Predictive Enrollment Modeling: Moving Beyond Historical Averages

Published January 2026 — An analysis of how integrating real-world patient data, site-level capacity metrics, and disease prevalence mapping can improve enrollment forecast accuracy by up to 40% compared to traditional projection methods.

Executive Summary

The Enrollment Forecasting Problem

Clinical trial enrollment remains one of the most unpredictable variables in drug development. Industry data consistently shows that over 80% of clinical trials fail to meet their original enrollment timelines, with delays averaging 6.4 months beyond projected completion dates. These delays carry substantial financial consequences — estimated at $600,000 to $8 million per day depending on therapeutic area and trial phase.

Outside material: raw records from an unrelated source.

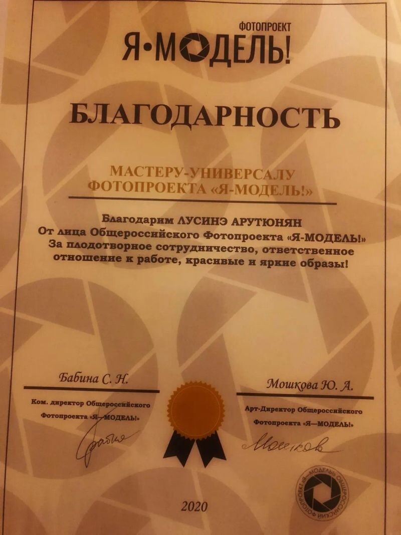 - Благодарственное письмо от фотопроекта «Я — модель!», 2020 г.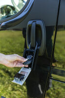 KeyGarage 797 LED mit beleuchteten Zahlenwalzen und Bügel zur Aufbewahrung von z.B. Schlüsseln und Plastikkarten. Mit individuell einstellbarem Zahlencode.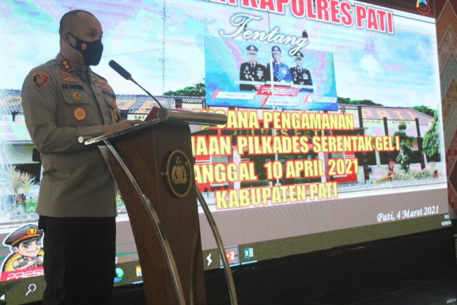 Kapolres Pati, AKBP Arie Prasetya Syafa'at mengatakan untuk mengantisipasi terjadinya kerawanan pada gelaran Pilkades pada 10 April mendatang, pihaknya telah melakukan langkah strategis diantaranya membentuk Satgas anti judi dan politik uang.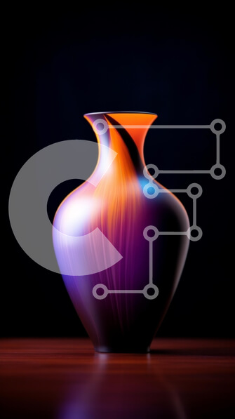 Intra Συλλεκτικό Ξύλινο Παζλ Plywood 4mm – Πορτοκαλί και μωβ βάζο σε σκούρο ξύλινο τραπέζι Σε Ξύλινο Κουτί – Διαστάσεις: 10×10 cm – 25 κομμάτια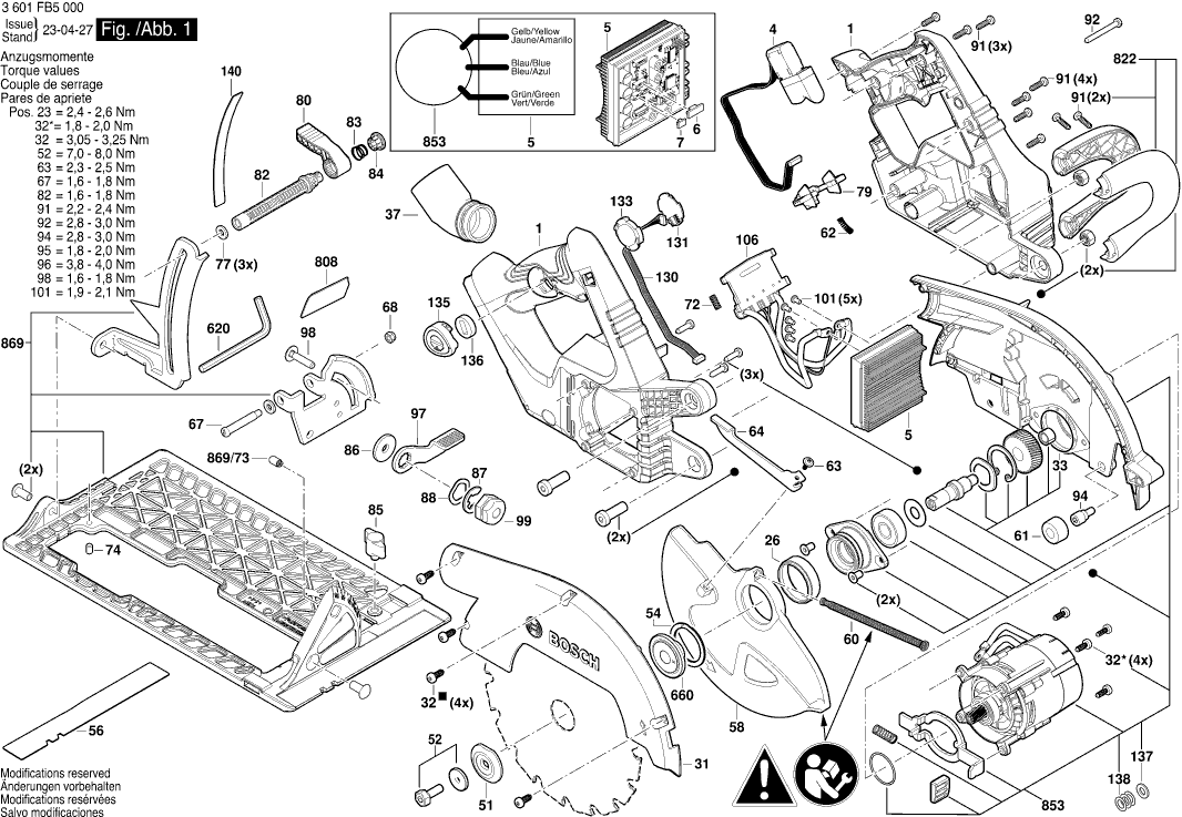 Vous trouverez ici toutes les pièces et dessins disponibles du 'Bosch 3601FB5000 ( GKS18V-68C )'. De là, vous pouvez commander directement toutes les pièces souhaitées. De nombreuses pièces doivent être commandées auprès du fabricant, selon la marque, cela prend une à quatre semaines. Toutes les informations dont nous disposons se trouvent sur notre site Web, nous ne pouvons pas vous conseiller sur ce dont vous avez besoin, pour cela vous devrez retourner la machine pour réparation. Veuillez noter ce qui suit lors de la commande:

The root cause is not a lack of data, but rather an over-reliance on historical averages that fail to account for the dynamic, site-specific, and disease-specific variables that determine enrollment velocity. Traditional models treat sites as interchangeable units and assume that past performance at a population level is predictive of future performance at an individual site level. This assumption is fundamentally flawed.

This white paper presents Clinitiative’s approach to predictive enrollment modeling — a methodology that integrates real-world patient data, site-level capacity metrics, disease prevalence mapping, and machine learning to produce enrollment forecasts with demonstrably higher accuracy than conventional methods.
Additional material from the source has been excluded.